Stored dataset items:
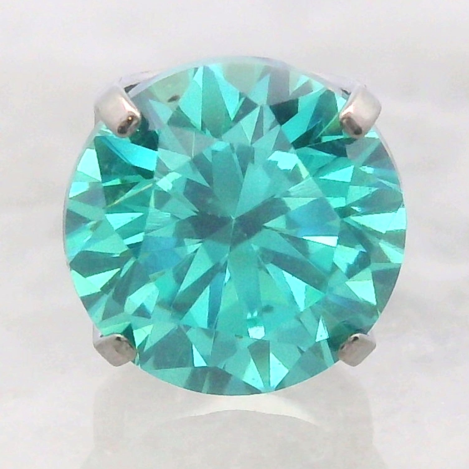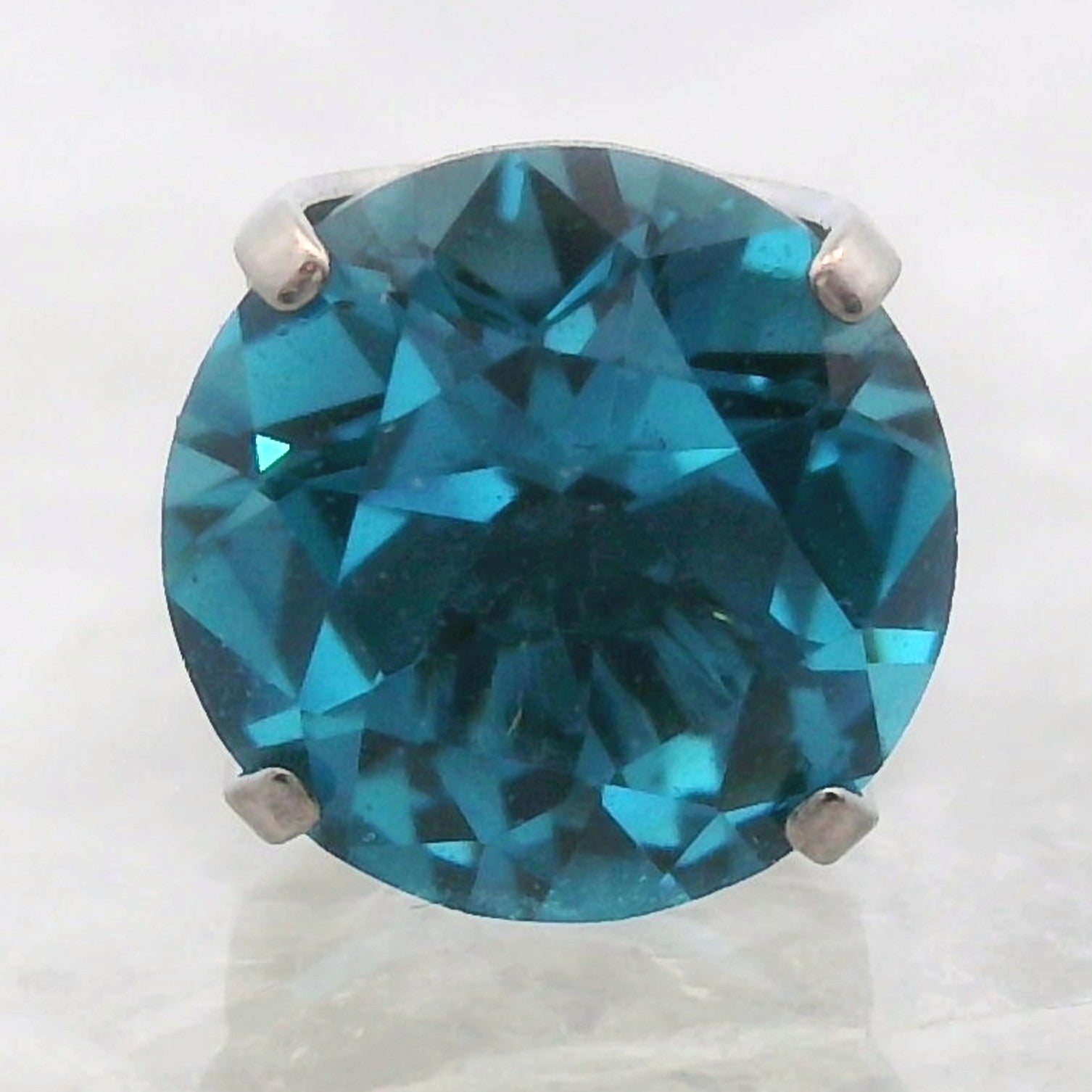 Faceted cubic zirconia in a prong setting.
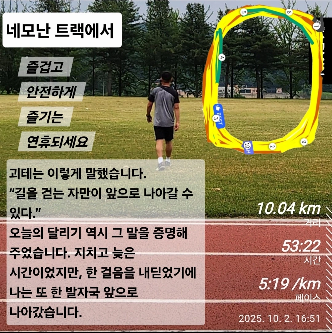 연휴를 앞두고 하루 종일 바쁜 일정이 이어졌습니다. 새벽 일찍 출근해 업무를 처리하고, 장거리 운전까지 이어지니 몸이 무겁고 지친 하루였습니다. 하지만 늦은 시간이 되어도 결국 운동화를 신고 트랙에 섰습니다.
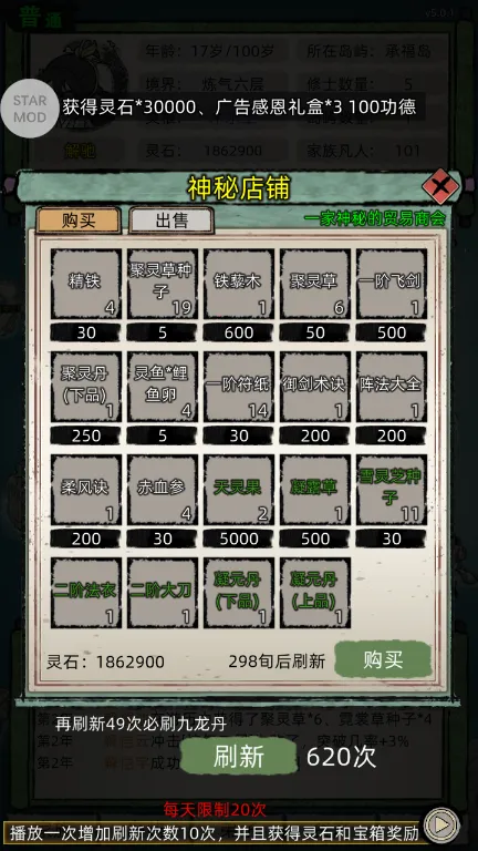 给你些实用攻略:开局带升仙台、大道荒搭、小绿瓶,点五灵根,选上合适天赋。发育阶段靠种田、炼丹、养鱼赚钱,前期种聚灵草等,养单灵根炼丹师炼破障丹卖,有条件炼筑基丹就不愁钱。种田慢,来钱快就掠夺,前期探索秘境、打比赛。功法前期选加修炼速度的,让族人60岁前筑基。培育弟子找血脉高和天灵根的结婚,练福佑丹或送福佑草。这游戏能让你体验真实修仙生活,享受热血对决,展开冒险挑战,快来试试吧!
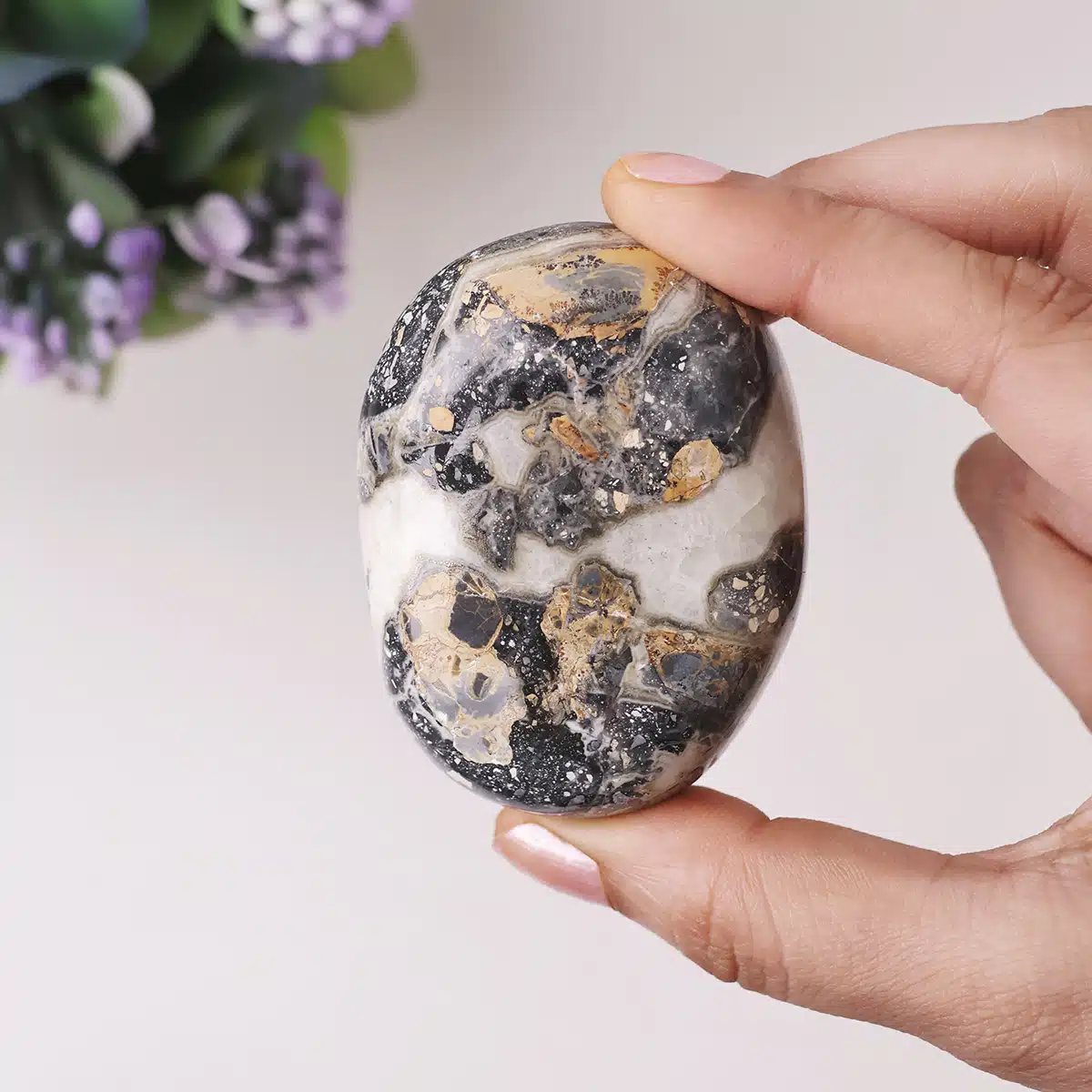 - Holding this palm stone promotes a calm emotional state, especially during turbulent times. It balances feelings of fear, sadness, and confusion, offering inner security and emotional maturity.
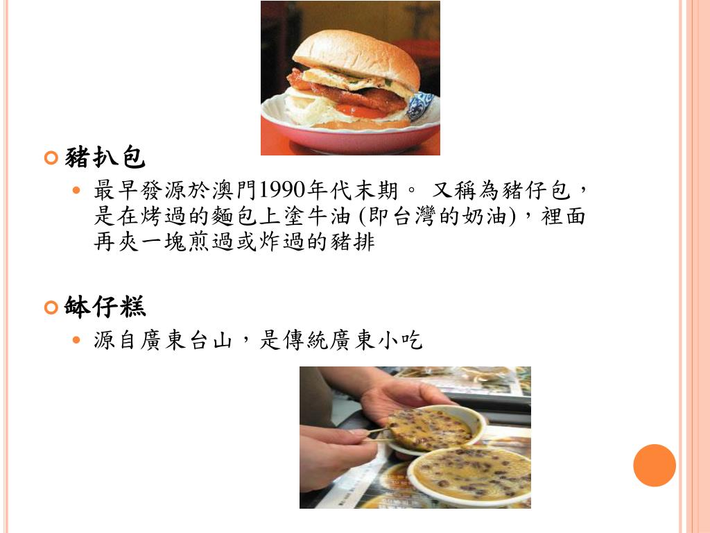豬扒包 • 最早發源於澳門1990年代末期。 又稱為豬仔包,是在烤過的麵包上塗牛油 (即台灣的奶油),裡面再夾一塊煎過或炸過的豬排 • 缽仔糕 • 源自廣東台山,是傳統廣東小吃
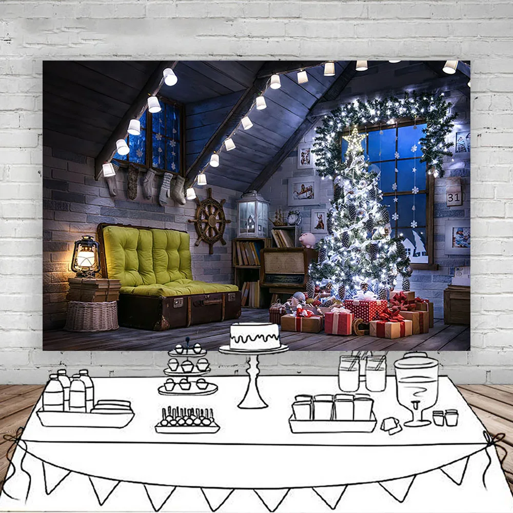Рождественский фон с изображением кирпичной стены для фотосъемки ме...

WORK REQUIRED -> The lines from the one containing "豬扒包 • 最早發源於澳門1990年代末期。" through the last line of the data above are to be transcribed exactly, both included, with all pictures left out.

REPLY ->
豬扒包 • 最早發源於澳門1990年代末期。 又稱為豬仔包,是在烤過的麵包上塗牛油 (即台灣的奶油),裡面再夾一塊煎過或炸過的豬排 • 缽仔糕 • 源自廣東台山,是傳統廣東小吃
Рождественский фон с изображением кирпичной стены для фотосъемки ме...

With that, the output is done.